04/12/2020
Afraid, lonely, confused, questioning whether this breath of air will be my last. Laying in my tomb of regret while I wait for the ghosts of my past mistakes to usher me into the world of the dead. Pretty graphic but trust me when I say these words fall short in accurately depicting the state of my heart that day.
It was an ordinary Monday afternoon. Sun brightly shining as its beams beat upon my skin, a light, gentle summer breeze gracefully carried a few leaves along with it as it journeyed across the compound. Everything seemed so perfect. Little did I know that all this was just the calm before the storm. In an instant, what I thought would be an amazing day turned out to be my worst nightmare incarnate. I won’t say it took me by surprise, but it caught me off guard. I mean, the possibility of its occurrence was always at the back of my mind, but I got so comfortable that I let my guard down.

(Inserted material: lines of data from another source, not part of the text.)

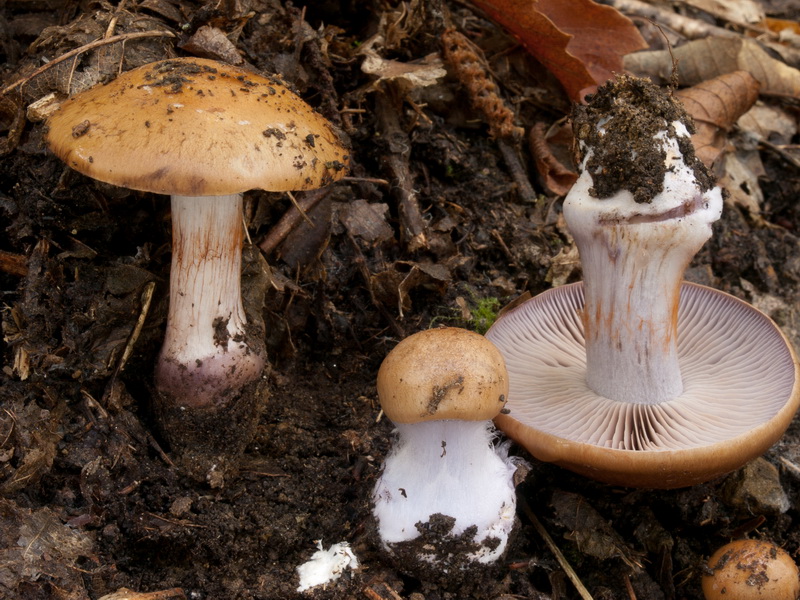 Stiel: bis 5,5 x 1,5 cm, basal schwach gerandet knollig, jung blass lila, dann cremeweiß; Knolle meist nur schwach gerandet, bis 2,4 cm breit, basal tief konisch eingesenkt, aber nicht zugespitzt; Velum am Knollenrand blass lila;
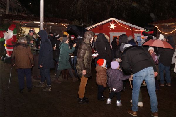 | Am 06. Dezember 2025 bauten die Mitglieder des FSV Geschwand bereits zum 13. Mal die Buden für die traditionelle „Geschwander Weihnacht“ auf dem Bürgerplatz auf. Eingestimmt auf die Weihnachtszeit wurden die Besucher mit einem von Markus Habermann zelebrierten Wortgottesdienst, der von der Singgruppe des FSV Geschwand feierlich umrahmt wurde. Bei zunächst trockenem Wetter, später einsetzendem Regen und angenehmen Temperaturen knapp über dem Gefrierpunkt verbrachten die zahlreichen Besucher auf dem sehr gut besuchten Weihnachtsmarkt einige besinnliche vorweihnachtliche Stunden. Für das leibliche Wohl war mit Glühwein, fränkischen Bratwürsten und selbstgebackenen Waffeln bestens gesorgt. Die musikalische Umrahmung übernahmen der Posaunenchor Affalterthal sowie der Gesangverein „Gemütlichkeit“ Geschwand, die mit weihnachtlichen Klängen die Gäste stimmungsvoll auf die bevorstehende Weihnachtszeit einstimmten. Besonders groß war die Freude bei den kleinen Besuchern über das Erscheinen des Nikolauses, der den Weihnachtsmarkt zu einem besonderen Erlebnis machte. |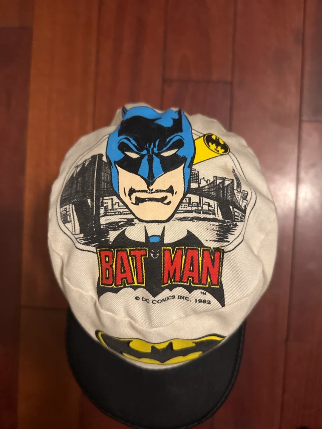 This is a vintage Batman baseball cap featuring the iconic character and cityscape graphics. It's a one-size-fits-all design. Great for any Batman fan!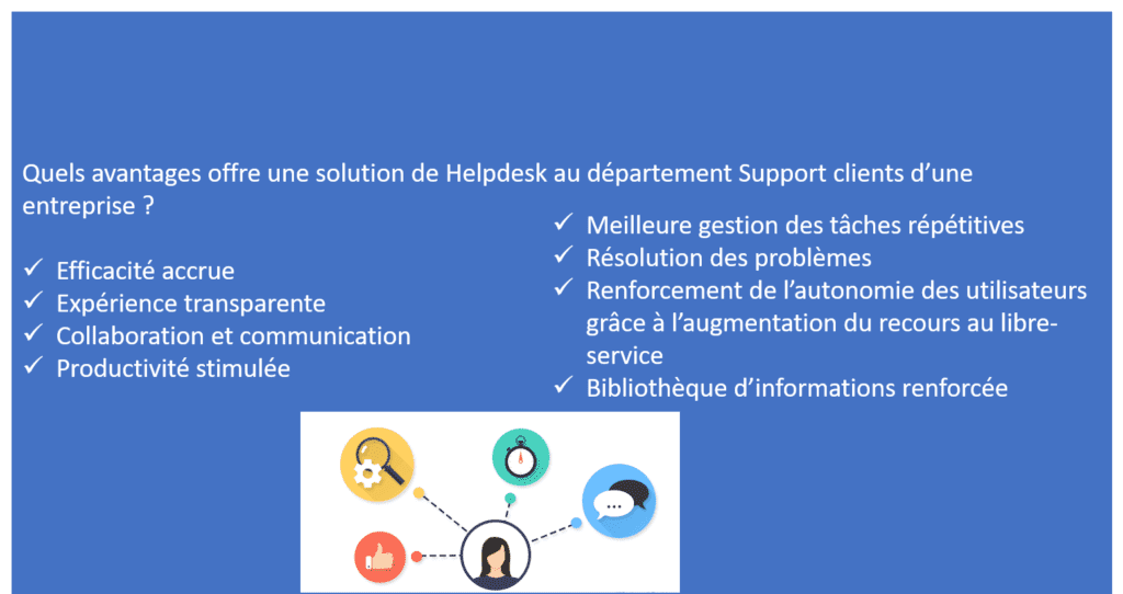 Au cours des dernières décennies, les solutions logicielles helpdesk se sont multipliées, ce qui a permis et donné l’envie aux entreprises d’établir un service support utilisateurs (Helpdesk) efficace. Afin de comprendre comment l’optimisation de son Helpdesk améliore l’expérience client, il est important de clarifier le rôle de celui-ci. En effet, Il n’est pas toujours évident de résumer les avantages d’un bon HelpDesk pour ses clients. Un bon HelpDesk a un impact conséquent et positif sur les employés, ces impacts contribuent également grandement à satisfaire et à fidéliser les clients.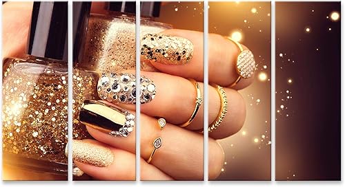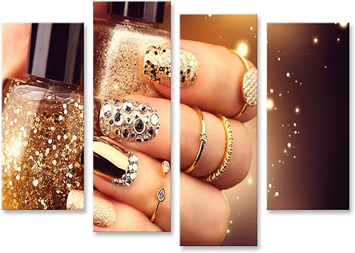 islandburner Tableau sur Toile Accessoires de Vernis à Ongles manucure doré Cadre Affiche Poster Murale Tableaux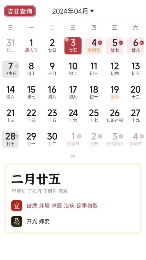 可以使用吉日查询工具对适宜办事的吉日在线查询;查询结果支持多种排序和筛选方式,方便用户找到最合适的日期。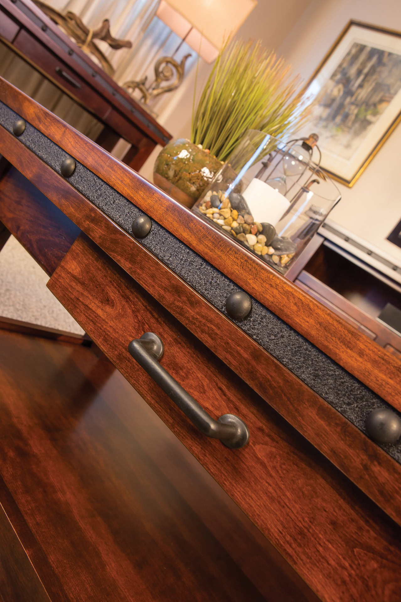 The Pasadena Occasional Table Set offers beauty and utility in one distinct package. This set features sleek, clean lines as well as rugged steel bands and buttons. The open storage provides ample space, so you can neatly display or store all of your items. You truly cannot go wrong with this set!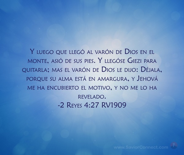 Y luego que llegó al varón de Dios en el monte, asió de sus pies. Y llegóse Giezi para quitarla; mas el varón de Dios le dijo: Déjala, porque su alma está en amargura, y Jehová me ha encubierto el motivo, y no me lo ha revelado. -2 Reyes 4:27 RV1909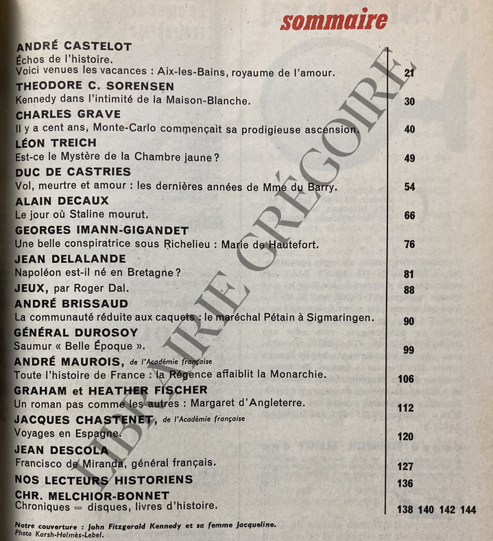 FORMAT 15,5 CM X 23,5 CM-146 PAGES-AIX LES BAINS, ROYAUME DE L'AMOUR, PAR ANDRE CASTELOT, 9P-KENNEDY DANS L'INTIMITE DE LA MAISON BLANCHE, 10P-IL Y A CENT ANTS MONTE CARLO COMMENCAIT SA PRODIGIEUSE ASCENSION, 9P-REICHENHALL: ASSASSINAT DE ADALBERT VON HARDEGG EN FEVRIER 1911; EST CE LE MYSTERE DE LA CHAMBRE JAUNE ? PAR LEON TREICH, 5P-LES DERNIERES ANNEES DE MADAME DU BARRY, 10P-LE JOUR OU STALINE MOURUT, PAR ALAIN DECAUX, 10P-MARIE DE HAUTEFORT, UNE BELLE CONSPIRATRICE SOUS RICHELIEU, 5P-NAPOLEON EST IL NE EN BRETAGNE ? PAR JEAN DELALANDE, 7P-LE MARECHAL PETAIN A SIGMARINGEN, PAR ANDRE BRISSAUD, 9P-LE CARROUSEL DE SAUMUR, PAR LE GENERAL MAURICE DUROSOY, 7P-LA REGENCE AFFAIBLIT LA MONARCHIE, PAR ANDRE MAUROIS, 6P-MARGARET D'ANGLETERRE, 8P-VOYAGES EN ESPAGNE, PAR JACQUES CHASTENET, 7P-FRANCISCO DE MIRANDA, GENERAL FRANCAIS, PAR JEAN DESCOLA, 8P-

Utterly disappointed in myself, I reach out for the most convenient coping mechanism. Joy comes in the morning, but I honestly couldn’t even imagine myself making it through the night. The crevices in my frail heart could not withstand the pain any longer and the weight just crushed me to smithereens.
Want to know exactly what happened that day? Well, I’ll tell you. I saw myself. I looked in the mirror and saw the monster I had become. The fright held me with a grip so firm I stood dead still, scared to take another step as though the ground suddenly turned into a landmine. Standing there, I faced my greatest enemy. With two hands, two feet and a face smeared in the blood of his victims I saw my fiercest foe stare at me with a gaze of fury. The anger burnt so brightly in his eyes as he slowly advanced towards me. His taunts brought the skeletons in my closet to life. The fear pushed me into the cave of my darkest memories.
My past was front and centre. Every attempt to steer clear of my insecurities was a catastrophic failure. My sweaty palms and wobbly knees made it all the more an inevitably futile pursuit. The dreams conceived in my younger innocent mind were drowned in the pool of my self-doubt that got deeper as I grew older. Hate became the robe I instinctively adorned myself with each time I awakened from my slumber.
For the longest time, I had been a pretender. Shamelessly wagging my tail for the approval of people who couldn’t care less about the inner battles I was going through. I would do anything to gain their acceptance. I just wanted to be cool. To fit in. To feel wanted. But I was so desperate that I became oblivious to what was at stake. My honour was the cost.
With time, I found people who actually offered me the acceptance I was looking for. But it was never enough. I found myself wanting more and more. My appetite for approval became so voracious that I became an emotional vampire, sucking the life out of the people closest to me. It was a dark place. A lonely place. A place so unsatisfying that every bite off the fruit of self-pleasure and fulfilment left me hungrier than the last.
The prey became the predator. Like a lion roaming the crispy Serengeti, I was eagerly looking for my next target. That Monday afternoon, I was on my way to devour my next victim. But like Saul on the road to Damascus, the epiphany of my transgressions dawned on me. The guilt weighed so heavy on my chest. A stream of tears rolled down my cheeks, as acid burning the malice that had breaded in the cellar of my soul that has now become a wasteland.
I took one more look in the mirror and I saw a man standing behind me. I didn’t really know him but he brought a sense of safety in the room. He told me his name was Jesus. He said he was there the whole time- when I was afraid, he was there. When I was confused, he was there, when I was hiding my pain in the fig leaves of my addictions he was there, gently calling out my name saying, “I am what you are looking for; I am who you are looking for.” With no further hesitation, he held me in an embrace so warm I never wanted to let go. After so many years, I finally found the peace I was thirsting after. The living water gave life to my weary soul. My burdens were lifted. As my hands were wrapped around him, I felt the hole on his side. I saw the holes in his hands. With tears forming like mist in his eyes he said, “I did it for you, son. And if I had to do it again, I’d do it a billion more times with no hesitation. Welcome home.”